Stuart Heritage 

‘We’ll still be watching in 50 years’: how Raymond Briggs’s The Snowman changed Christmas

When the film version of Briggs’s melancholy masterpiece was first screened in 1982, Britons clutched it to their hearts – where it has stayed ever since
  
  

The Snowman and the little boy. The snowman holds a miniature snowman
An indelible part of British culture … The Snowman. Photograph: Moviestore Collection/Alamy

Some people are so famous for so long that they become enmeshed in all our lives. Raymond Briggs, who died on Tuesday, was one of those people. Briggs illustrated his first book, Ruth Manning-Sanders’s Peter and the Piskies: Cornish Folk and Fairy Tales, 64 years ago, and quickly set about creating a string of classic books, many shot through with his trademark melancholy. Fungus the Bogeyman revelled in a quiet British mundanity; When the Wind Blows was terrifying enough to scar an entire generation emotionally, and Ethel & Ernest managed to convey the small hopes and thwarted ambitions of mid-20th century life in a way that would put to shame many important authors covering the same period.

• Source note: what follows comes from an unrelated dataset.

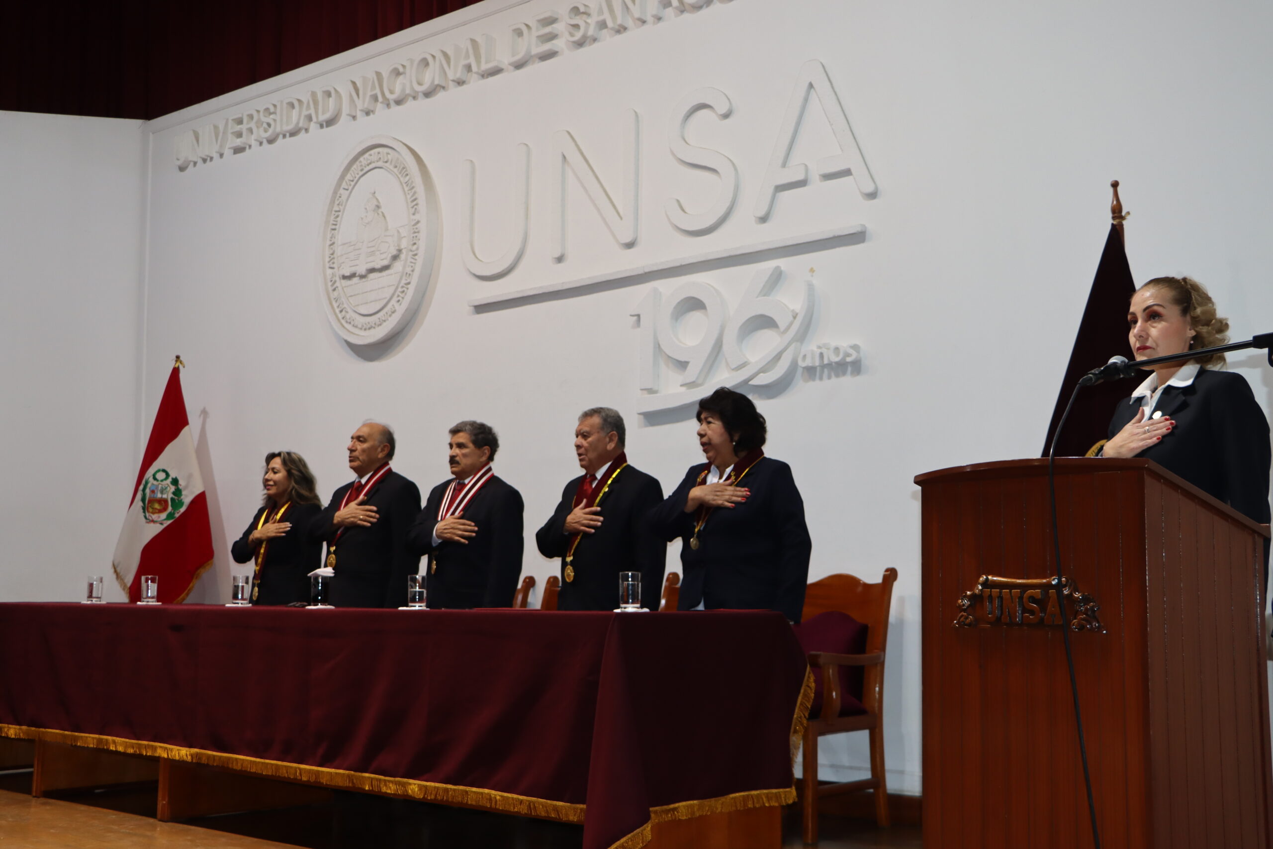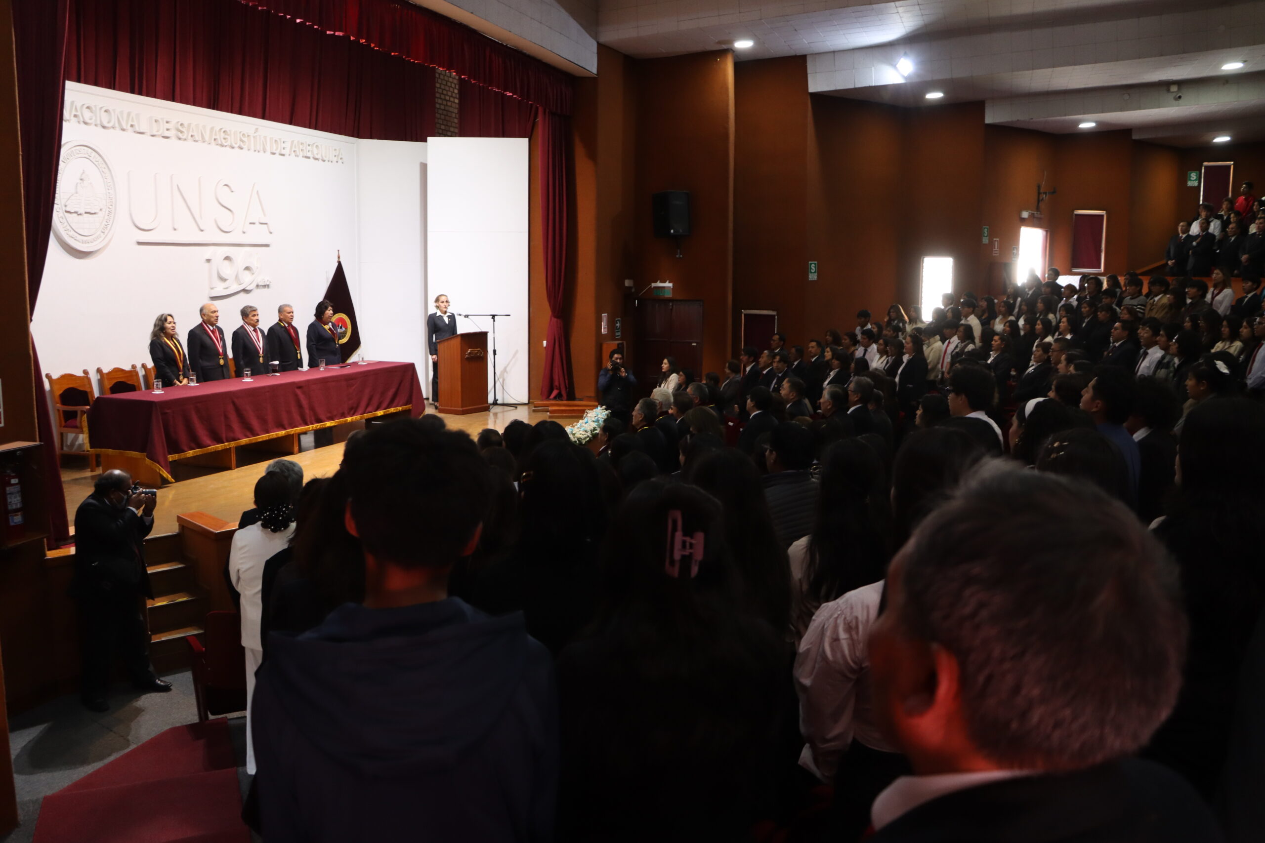 El rector de la UNSA, Dr. Hugo Rojas Flores, participó en la ceremonia y felicitó a la facultad por su destacada labor. En su intervención, enfatizó la importancia de la investigación como herramienta fundamental para comprender y transformar la realidad social, instando a los estudiantes a contribuir activamente en la difusión de la rica historia e identidad de Arequipa.

And yet, despite this breathtaking output, The Snowman looks set to be Briggs’s defining work. First published in 1978, The Snowman was a wordless picture book that Briggs saw as a counterpoint to the murk of Fungus, something he designed as “clean, pleasant, fresh and wordless and quick”.

However, when you think of The Snowman, you probably don’t think of the book. This is because the animated TV adaptation instantly became an indelible part of British culture. The Snowman was first shown by Channel 4 on Boxing Day 1982, and was such a success that it was nominated for an Oscar. It is a testament to the power of the film that this fact – one that most animated shorts would brag about loudly – has largely been forgotten. Instead, we collectively clutched The Snowman to our hearts with such intensity that it is almost impossible to imagine life without it.

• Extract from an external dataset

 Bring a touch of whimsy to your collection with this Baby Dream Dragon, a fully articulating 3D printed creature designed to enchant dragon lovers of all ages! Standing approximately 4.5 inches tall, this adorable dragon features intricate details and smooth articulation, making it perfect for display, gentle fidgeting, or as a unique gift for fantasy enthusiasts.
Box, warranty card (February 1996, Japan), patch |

It’s a work of incredible beauty, hand-drawn and animated in such a way that it feels as if it could slip through your fingers at any moment. Lines blur and shapes shift. The textures of the characters’ clothes dance relentlessly. During a motorbike sequence, trees fly at the camera so quickly they become abstract. At times, it can feel hallucinogenic.

And then there is the song. Howard Blake’s Walking in the Air is a pure and weightless daydream. It’s the only point in the film where we hear a human voice, and it accompanies a spectacular sequence where a snowman and a boy fly to the north pole.

I’m old enough to remember The Snowman from the start, in the early 1980s when my mum invariably made a big deal about the family watching it together. Over the years, it became a Christmas tradition, holding steady through the weird phases when it was introduced by David Bowie and Mel Smith. And with repeated viewing comes familiarity and then, sadly, boredom. Something I’ve noticed about people my age is that The Snowman became such a part of our culture that it was easy to mock. The sincerity of Walking in the Air, especially, made it an easy target for ridicule.

Everyone comes back to it in the end, however. This is down to The Snowman’s secret weapon: the precision with which it nails the low-humming sadness of Christmas. The snowman and boy have the adventure of a lifetime but, the next morning, the snowman has melted. In the final shot, the boy stands over a mound of slush, attempting to process his grief. There’s no reassurance, no promise of a return. Everything you love will one day leave you. Merry Christmas.

This element of The Snowman gives it the unerring ability to change with you as you age. Watching it with my children now, with my mum no longer with us, The Snowman somehow means even more to me than when I was a child. This why we’ll still be watching it 50 years from now.

The Snowman changed Christmas television, too. Every year we are inundated with animated picture-book adaptations where the melancholy is ramped up. Sometimes they work (Julia Donaldson’s Stick Man, about a stick who aches with loneliness), and sometimes less so (Michael Rosen’s We’re Going on a Bear Hunt, which was overlaid with a truckload of imported faux-sincerity), but they can all be traced directly back to The Snowman.

We might be in the grip of a scorching hot August, but don’t be surprised if Channel 4 screens The Snowman in the next few days to commemorate all of Raymond Briggs’s remarkable achievements. And don’t be surprised if a ton of people watch it.